▶ _WHAT YOU ARE ASKED TO DO_
From the records below, copy every line that contains the word "dress".

▶ _DATASET RECORDS_
|---|

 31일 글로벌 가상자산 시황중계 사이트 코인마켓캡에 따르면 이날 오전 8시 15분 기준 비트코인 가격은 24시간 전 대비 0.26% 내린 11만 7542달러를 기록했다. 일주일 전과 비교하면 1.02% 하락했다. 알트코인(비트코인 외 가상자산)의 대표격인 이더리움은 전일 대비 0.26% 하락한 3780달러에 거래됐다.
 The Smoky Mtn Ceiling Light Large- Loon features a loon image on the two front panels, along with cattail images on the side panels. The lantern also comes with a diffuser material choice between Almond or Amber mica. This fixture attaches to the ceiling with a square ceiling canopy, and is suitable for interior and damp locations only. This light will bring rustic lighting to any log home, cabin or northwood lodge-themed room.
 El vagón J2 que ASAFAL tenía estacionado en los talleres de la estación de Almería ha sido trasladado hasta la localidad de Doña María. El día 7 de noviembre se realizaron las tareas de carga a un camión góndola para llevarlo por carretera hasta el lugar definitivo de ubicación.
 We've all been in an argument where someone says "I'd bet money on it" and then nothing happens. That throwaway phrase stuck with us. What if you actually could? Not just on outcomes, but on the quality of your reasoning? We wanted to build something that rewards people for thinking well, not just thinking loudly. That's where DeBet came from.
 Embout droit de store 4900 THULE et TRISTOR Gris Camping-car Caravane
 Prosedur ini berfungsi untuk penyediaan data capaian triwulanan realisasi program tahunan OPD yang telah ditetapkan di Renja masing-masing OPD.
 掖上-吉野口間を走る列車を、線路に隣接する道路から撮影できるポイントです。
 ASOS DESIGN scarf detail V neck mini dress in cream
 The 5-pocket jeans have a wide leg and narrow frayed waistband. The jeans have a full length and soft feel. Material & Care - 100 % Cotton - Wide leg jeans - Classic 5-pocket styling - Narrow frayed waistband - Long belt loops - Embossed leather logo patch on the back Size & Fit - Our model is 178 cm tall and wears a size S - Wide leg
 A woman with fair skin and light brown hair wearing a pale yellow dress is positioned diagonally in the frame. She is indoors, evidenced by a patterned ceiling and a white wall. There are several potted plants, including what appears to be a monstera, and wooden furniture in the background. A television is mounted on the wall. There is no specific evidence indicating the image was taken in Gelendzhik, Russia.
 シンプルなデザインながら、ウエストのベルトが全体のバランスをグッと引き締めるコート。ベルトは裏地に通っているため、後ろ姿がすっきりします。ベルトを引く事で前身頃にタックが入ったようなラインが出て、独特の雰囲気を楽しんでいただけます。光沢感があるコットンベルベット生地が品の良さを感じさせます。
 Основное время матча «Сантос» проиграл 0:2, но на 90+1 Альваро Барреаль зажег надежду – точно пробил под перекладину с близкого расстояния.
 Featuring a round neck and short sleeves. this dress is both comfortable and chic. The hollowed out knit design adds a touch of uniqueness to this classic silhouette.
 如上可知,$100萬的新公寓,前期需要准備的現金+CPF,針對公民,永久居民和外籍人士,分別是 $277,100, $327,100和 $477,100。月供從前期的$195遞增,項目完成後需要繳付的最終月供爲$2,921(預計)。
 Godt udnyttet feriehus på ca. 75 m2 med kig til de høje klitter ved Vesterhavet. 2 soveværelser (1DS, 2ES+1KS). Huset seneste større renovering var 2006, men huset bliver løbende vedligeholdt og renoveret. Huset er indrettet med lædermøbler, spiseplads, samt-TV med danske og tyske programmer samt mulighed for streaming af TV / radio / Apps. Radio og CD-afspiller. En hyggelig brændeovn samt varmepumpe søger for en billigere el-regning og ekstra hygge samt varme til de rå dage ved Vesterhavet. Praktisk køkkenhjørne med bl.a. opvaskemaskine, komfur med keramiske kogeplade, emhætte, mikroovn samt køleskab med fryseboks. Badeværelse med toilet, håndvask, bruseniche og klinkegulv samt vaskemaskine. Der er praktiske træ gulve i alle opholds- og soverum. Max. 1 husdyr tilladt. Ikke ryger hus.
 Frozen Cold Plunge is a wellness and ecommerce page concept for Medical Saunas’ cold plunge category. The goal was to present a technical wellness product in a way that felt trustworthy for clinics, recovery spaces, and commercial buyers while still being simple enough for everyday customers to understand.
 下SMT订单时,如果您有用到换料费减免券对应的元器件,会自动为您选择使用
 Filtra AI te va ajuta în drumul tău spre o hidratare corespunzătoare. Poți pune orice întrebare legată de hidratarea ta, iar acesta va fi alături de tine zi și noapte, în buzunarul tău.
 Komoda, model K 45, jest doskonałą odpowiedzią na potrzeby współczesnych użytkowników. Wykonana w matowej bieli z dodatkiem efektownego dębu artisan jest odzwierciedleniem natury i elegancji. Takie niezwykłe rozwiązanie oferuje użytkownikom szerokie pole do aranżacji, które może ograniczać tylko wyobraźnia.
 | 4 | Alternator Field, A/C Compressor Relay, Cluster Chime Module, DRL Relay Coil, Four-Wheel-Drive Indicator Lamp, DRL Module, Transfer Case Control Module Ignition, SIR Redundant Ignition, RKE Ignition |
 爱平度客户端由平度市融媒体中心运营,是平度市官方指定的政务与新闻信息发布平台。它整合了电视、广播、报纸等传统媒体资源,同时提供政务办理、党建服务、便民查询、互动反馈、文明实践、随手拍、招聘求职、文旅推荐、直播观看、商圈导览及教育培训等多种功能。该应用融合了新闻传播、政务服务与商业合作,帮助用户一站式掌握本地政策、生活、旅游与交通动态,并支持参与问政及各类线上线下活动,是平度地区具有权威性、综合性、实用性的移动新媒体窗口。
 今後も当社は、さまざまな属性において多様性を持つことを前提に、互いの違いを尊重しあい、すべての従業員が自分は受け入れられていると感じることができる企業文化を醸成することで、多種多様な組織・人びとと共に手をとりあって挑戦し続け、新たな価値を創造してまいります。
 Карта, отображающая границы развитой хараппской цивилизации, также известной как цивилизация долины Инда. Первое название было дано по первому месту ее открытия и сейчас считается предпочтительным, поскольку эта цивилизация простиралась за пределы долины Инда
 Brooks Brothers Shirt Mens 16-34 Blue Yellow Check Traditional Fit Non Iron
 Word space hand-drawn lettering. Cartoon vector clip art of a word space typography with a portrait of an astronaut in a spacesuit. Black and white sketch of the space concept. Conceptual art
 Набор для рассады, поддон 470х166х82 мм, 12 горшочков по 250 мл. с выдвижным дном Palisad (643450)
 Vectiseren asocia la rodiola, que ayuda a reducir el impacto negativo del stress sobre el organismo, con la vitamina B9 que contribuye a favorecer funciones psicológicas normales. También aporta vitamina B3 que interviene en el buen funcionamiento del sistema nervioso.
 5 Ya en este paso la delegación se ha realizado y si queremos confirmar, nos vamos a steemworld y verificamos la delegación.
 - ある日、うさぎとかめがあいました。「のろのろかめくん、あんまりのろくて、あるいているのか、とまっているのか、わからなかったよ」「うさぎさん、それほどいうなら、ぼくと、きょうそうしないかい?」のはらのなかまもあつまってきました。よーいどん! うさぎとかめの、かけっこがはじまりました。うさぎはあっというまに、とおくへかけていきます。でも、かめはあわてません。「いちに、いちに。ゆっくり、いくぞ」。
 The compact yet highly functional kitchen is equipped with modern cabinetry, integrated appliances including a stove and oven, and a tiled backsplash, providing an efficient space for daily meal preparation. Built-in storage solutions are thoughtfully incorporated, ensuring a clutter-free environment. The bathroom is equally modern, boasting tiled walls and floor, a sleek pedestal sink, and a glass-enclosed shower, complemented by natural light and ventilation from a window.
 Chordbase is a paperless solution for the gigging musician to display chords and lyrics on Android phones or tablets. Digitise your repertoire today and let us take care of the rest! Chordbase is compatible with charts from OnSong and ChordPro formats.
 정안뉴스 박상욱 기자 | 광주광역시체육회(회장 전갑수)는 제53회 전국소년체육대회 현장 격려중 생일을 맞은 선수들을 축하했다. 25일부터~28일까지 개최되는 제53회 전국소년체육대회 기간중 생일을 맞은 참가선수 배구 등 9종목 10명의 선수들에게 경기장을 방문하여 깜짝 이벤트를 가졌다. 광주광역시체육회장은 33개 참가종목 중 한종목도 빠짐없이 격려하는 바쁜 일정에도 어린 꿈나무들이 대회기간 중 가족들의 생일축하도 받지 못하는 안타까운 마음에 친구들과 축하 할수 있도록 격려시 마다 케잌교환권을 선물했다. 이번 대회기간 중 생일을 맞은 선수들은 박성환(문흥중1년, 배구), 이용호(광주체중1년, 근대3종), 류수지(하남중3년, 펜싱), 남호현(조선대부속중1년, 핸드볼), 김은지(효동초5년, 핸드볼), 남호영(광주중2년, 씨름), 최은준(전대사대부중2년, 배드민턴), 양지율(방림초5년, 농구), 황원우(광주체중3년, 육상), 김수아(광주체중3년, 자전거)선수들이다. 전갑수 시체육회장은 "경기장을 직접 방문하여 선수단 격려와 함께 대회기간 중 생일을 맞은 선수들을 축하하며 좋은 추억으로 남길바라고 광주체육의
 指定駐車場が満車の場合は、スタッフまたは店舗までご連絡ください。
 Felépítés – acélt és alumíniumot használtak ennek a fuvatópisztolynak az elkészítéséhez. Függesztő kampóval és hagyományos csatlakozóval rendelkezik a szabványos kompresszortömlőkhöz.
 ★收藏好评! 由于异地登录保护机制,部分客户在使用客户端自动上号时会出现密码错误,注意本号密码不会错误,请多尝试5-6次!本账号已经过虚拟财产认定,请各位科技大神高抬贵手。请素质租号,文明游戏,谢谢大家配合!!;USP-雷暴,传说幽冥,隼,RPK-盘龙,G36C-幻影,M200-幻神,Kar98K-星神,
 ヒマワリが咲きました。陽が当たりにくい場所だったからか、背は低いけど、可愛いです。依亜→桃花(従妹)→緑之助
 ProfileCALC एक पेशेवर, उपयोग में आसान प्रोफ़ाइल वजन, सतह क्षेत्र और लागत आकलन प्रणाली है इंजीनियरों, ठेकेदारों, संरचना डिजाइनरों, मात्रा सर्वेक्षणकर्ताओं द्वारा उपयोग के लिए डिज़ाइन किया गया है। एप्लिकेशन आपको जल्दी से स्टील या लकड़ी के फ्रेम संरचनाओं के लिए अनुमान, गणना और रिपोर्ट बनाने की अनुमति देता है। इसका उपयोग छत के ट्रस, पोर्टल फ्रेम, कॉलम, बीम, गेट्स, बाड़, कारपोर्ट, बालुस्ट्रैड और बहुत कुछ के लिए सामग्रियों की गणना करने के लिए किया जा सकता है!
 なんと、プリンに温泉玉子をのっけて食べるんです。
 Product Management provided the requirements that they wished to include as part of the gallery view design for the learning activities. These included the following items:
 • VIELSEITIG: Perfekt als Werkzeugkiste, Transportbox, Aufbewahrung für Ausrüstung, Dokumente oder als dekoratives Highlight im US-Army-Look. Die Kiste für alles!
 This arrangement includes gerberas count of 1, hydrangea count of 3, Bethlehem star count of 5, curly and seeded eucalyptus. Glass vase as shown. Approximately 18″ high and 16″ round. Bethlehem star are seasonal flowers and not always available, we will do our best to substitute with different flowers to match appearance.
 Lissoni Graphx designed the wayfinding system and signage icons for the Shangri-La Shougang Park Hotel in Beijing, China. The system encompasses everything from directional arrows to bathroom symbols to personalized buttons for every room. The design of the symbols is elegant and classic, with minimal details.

|---|

▶ _EXPECTED ANSWER_
 ASOS DESIGN scarf detail V neck mini dress in cream
 A woman with fair skin and light brown hair wearing a pale yellow dress is positioned diagonally in the frame. She is indoors, evidenced by a patterned ceiling and a white wall. There are several potted plants, including what appears to be a monstera, and wooden furniture in the background. A television is mounted on the wall. There is no specific evidence indicating the image was taken in Gelendzhik, Russia.
 Featuring a round neck and short sleeves. this dress is both comfortable and chic. The hollowed out knit design adds a touch of uniqueness to this classic silhouette.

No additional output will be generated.